Janet, I first discovered your work in 2015 in Washington, D.C., at the Renwick Gallery. It was so magical and even Oprah Winfrey's magazine had you listed at number one on a list of things that 'make you go, wow.’
Yeah, that was such a surprise. That project that you stumbled upon is part of my Earth Time Series, and here at the Sarasota Art Museum, you can see the early physical maquettes that I designed in the process of evolving that work.
And that was one of my first pieces coming from data sets about our planet and our human interaction with nature, and making that into these experiential works, where you are underneath it, and it moves and changes as the projection of colored shadow drawings moves around you on the walls.
And so here at the museum, you can see the shadows. You can see the work at different scales. There are small works the size of maybe both of my arms outstretched to works that are 16 feet, and you can see video of the works that are 100 feet, like the one that you were inside of in Washington, D.C.
I'm glad you said inside of, because that's what the experience was like, being inside one of your pieces.
Well, that's very important to me. They are immersive. I don't think of sculpture as an object that you look at. For me, it's something you can get lost in. That's what I want myself as an art experience. So that's what I want to give you.
And Janet, at Sarasota Art Museum, you have something that we've never seen before, which has to do with photography.
It's Cyanotypes, which is very new for me, but in fact, it's one of the oldest forms of photography. It's a direct exposure of sunlight onto a light-sensitized paper, and it's the first time I'm able to share work using the three-dimensional models on the computer. So, maybe I should step back a minute.
Now that I build sculptures at the scale of buildings, I have to create very accurate three-dimensional models. This required my studio to commission computer scientists around the world, because this turns out to be non-trivial, to model how each piece of twine and knot exists in three-dimensional space, how they change with gravity and with wind.
So, this has taken more than a dozen years, and as an artist, I never expected to have to be like a technology entrepreneur, but it turns out I have. So those models have never been visible to the public before.
My friends complain a lot that I make really large art that maybe a city can commission, but that people can't really have in their homes. So, that pushed me to think about what I could create that was the size that could fit in your home. It's the world premiere of cyanotypes, which are created from the digital reality of my work. So here you get to see this nature that is completely created digitally.
I'd like to ask you a question about a sculpture of yours that was at the St Pete Pier. It came down after the hurricane. The city of St Petersburg had commissioned that work. It's called ‘Bending Arc.' What's going on with the piece now?

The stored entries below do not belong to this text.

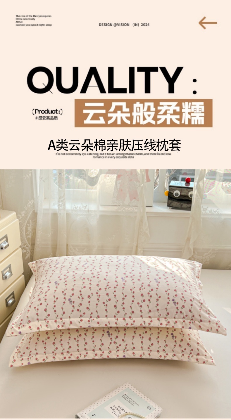 • 91家纺网 家纺一手货源 找家纺 圣比熊 2026新款A类云朵棉单层枕套宿舍单人单只一只装枕芯内胆套-单层压线 花漾甜心(单层压线)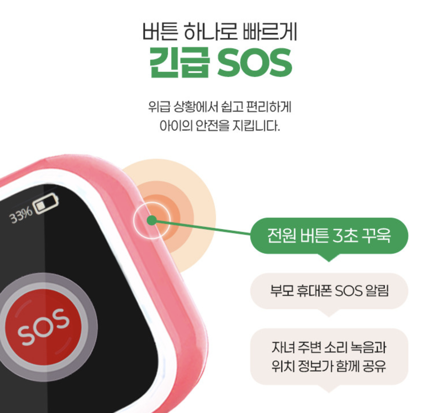 긴급한 상황에서는 버튼을 3초 누르면 SOS 기능이 활성화 되어서 부모님 스마트폰으로 SOS 알람이 울리고, 아이의 주변 소리와 위치 정보도 확인된다고 해요!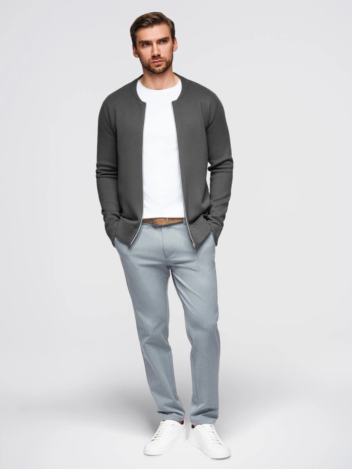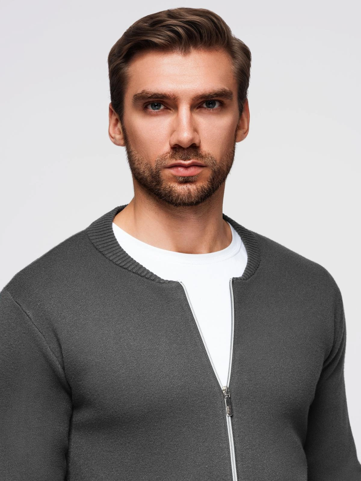 - Męski sweter gładki na zamek – grafitowy V2 OM-SWZS-0146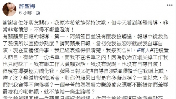 對此,許聖梅今天(20日)凌晨在臉書寫下545字長文反擊,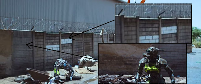 Ya hacia el final de la película, tanto Chappie como su creador (Dean) transfieren sus conciencias a otros robots. Cuando se reencuentran, Chappie aparece en el cuerpo de un robot cercano a la construcción de un muro. Además de las dos carretillas, podemos ver como la ejecución del muro es bastante irregular: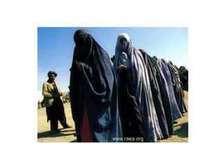 El documento describe las duras restricciones que enfrentan las mujeres afganas bajo el régimen talibán, incluyendo la prohibición de salir solas, trabajar o recibir educación. También no se les permite recibir atención médica a menos que sea en hospitales en pésimas condiciones, y los doctores solo pueden atender a hombres. Dar a luz implica grandes riesgos debido a la prohibición de ir a doctores varones. El adulterio se castiga con lapidación, arrojando piedras a la mujer enterrada hasta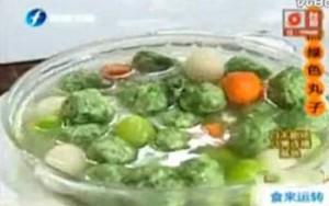 4、锅里加入适量的清水以及所有的时蔬球和丸子,入盐、白糖、胡椒粉调料,烧开后即可起锅,滴入麻油提香,相当美味的绿色丸子就做好了;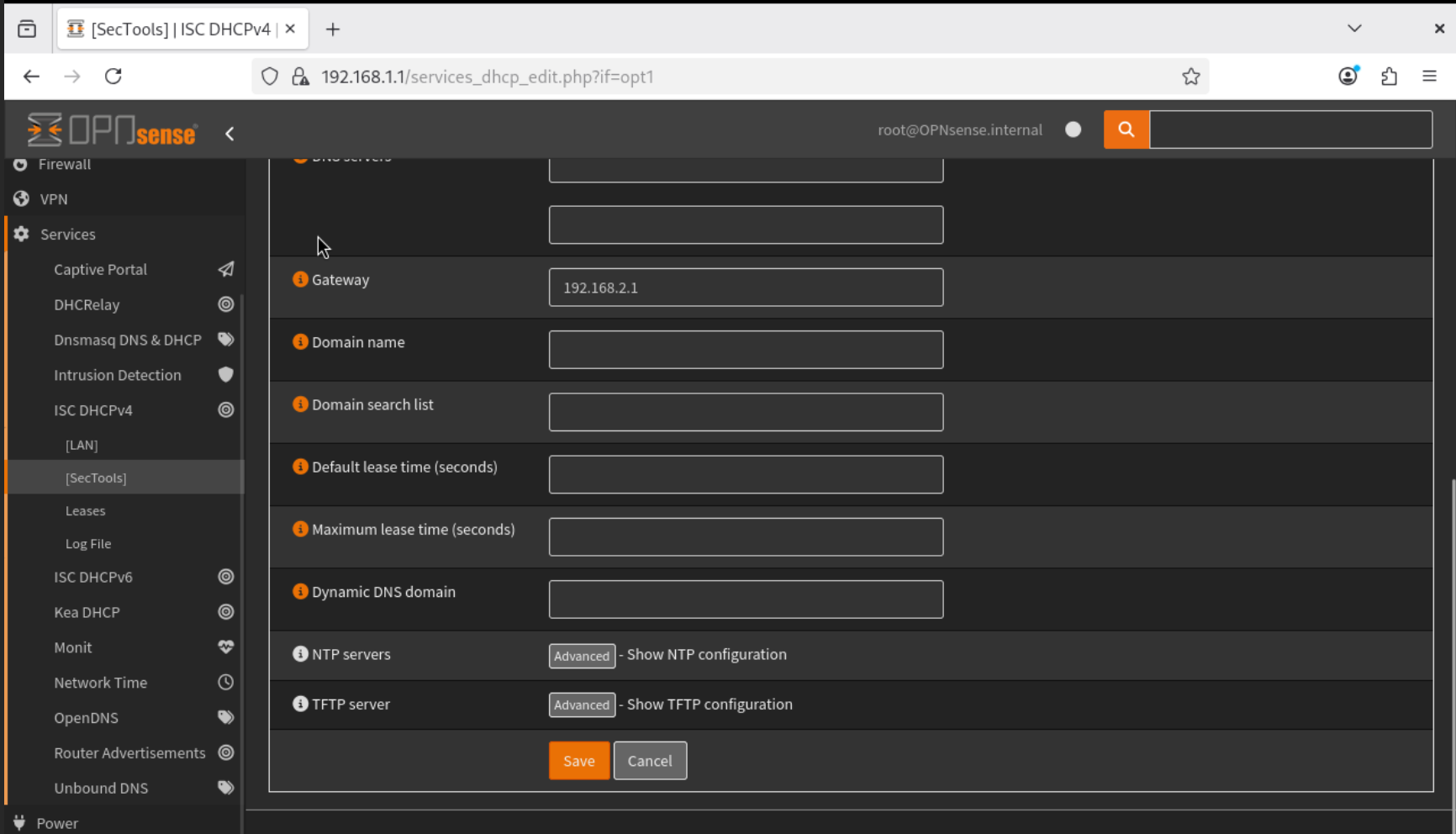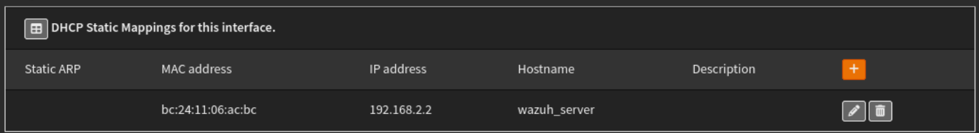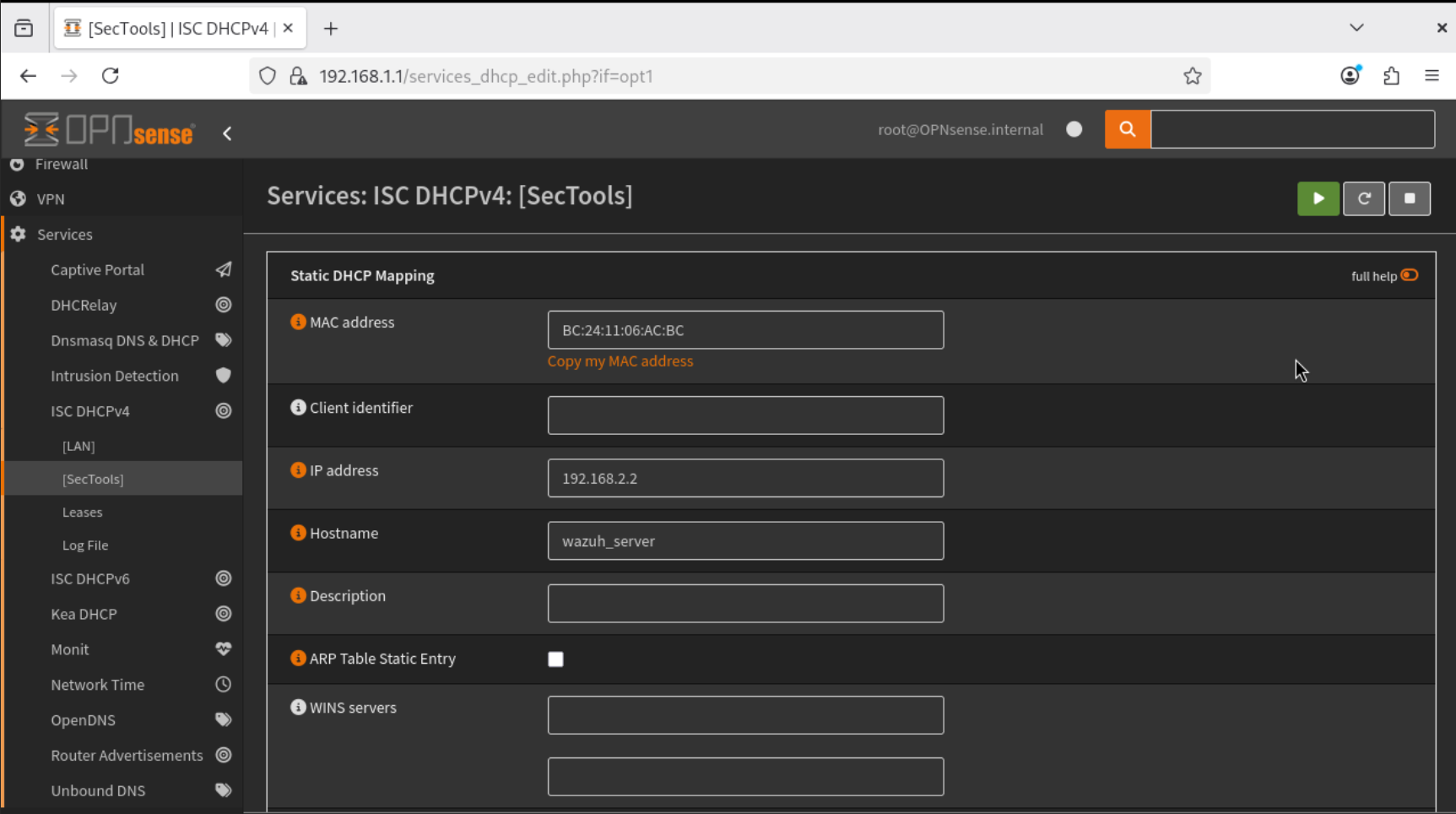 - In OPNsense, navigate to Services → ISC DHCPv4 → SecTools. Enter the MAC address of the Wazuh server VM and assign a static IP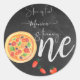 Pegatina Redonda Parte de diversión, primer cumpleaños de pizza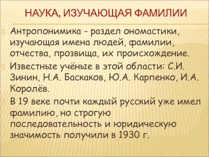 Антропонимика - раздел ономастики, изучающая имена людей, фамилии,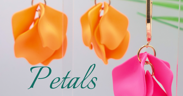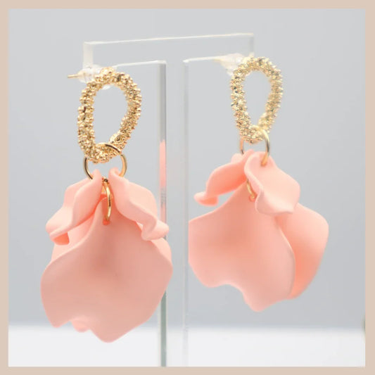 Acrylic Petal Small Cluster Drop Earrings - Soft Pink & Gold

Well, I'm glad that I have good news to share. They are hoping to get it refurbished and back within six months. So, fingers crossed.
I do want to clarify what happened. The City hired a national engineering firm, Stantec, to analyze what happened during the hurricane, and the report, which is public record, showed that my sculpture was properly engineered, and there was no fault at all with the sculpture; the cause was the lashings that connected my sculpture to the structural ropes above it.
The city hired a contractor, and basically, they didn't follow the instructions, and they use substandard materials and a quicker, faster method that, when the hurricane hit, didn't survive. So, it really was just a separation of the net sculpture from that structure.
So, it is repairable. They are on it, and hopefully it will get back for the public to enjoy very soon.
Janet Echelman: Radical Softness runs through April 26 at Sarasota Art Museum.